> [THE TASK]: Print exactly the line that contains "One of the rab", then every following line through the end of the material; include nothing else and no pictures.

-- DATA SEGMENT follows --

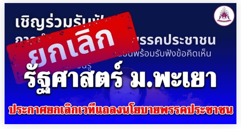 รัฐศาสตร์ ม.พะเยา ประกาศยกเลิกเวทีแถลงนโยบายพรรคประชาชน
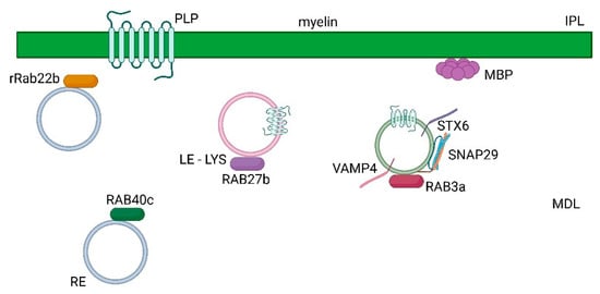 One of the rab proteins which has a role in PLP transport is rab27b. Rab27b colocalized with PLP in late endosomes/lysosomes of mature oligodendrocytes, and it regulated its surface transport and exocytosis. In particular, silencing of rab27b determined the reduction of lysosomal exocytosis and therefore regulated the surface expression of the myelin protein in oligodendrocytes and its release from myelin-like membrane (MLM) formation in oligodendrocytes neuron co-cultures [41].
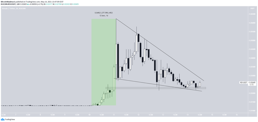 Jeśli REV się wybije, następny najbliższy obszar oporu będzie wynosił 0,047 USD.

-- DATA SEGMENT concluded --

> [RESULT OF THIS EXERCISE]:
 One of the rab proteins which has a role in PLP transport is rab27b. Rab27b colocalized with PLP in late endosomes/lysosomes of mature oligodendrocytes, and it regulated its surface transport and exocytosis. In particular, silencing of rab27b determined the reduction of lysosomal exocytosis and therefore regulated the surface expression of the myelin protein in oligodendrocytes and its release from myelin-like membrane (MLM) formation in oligodendrocytes neuron co-cultures [41].
 Jeśli REV się wybije, następny najbliższy obszar oporu będzie wynosił 0,047 USD.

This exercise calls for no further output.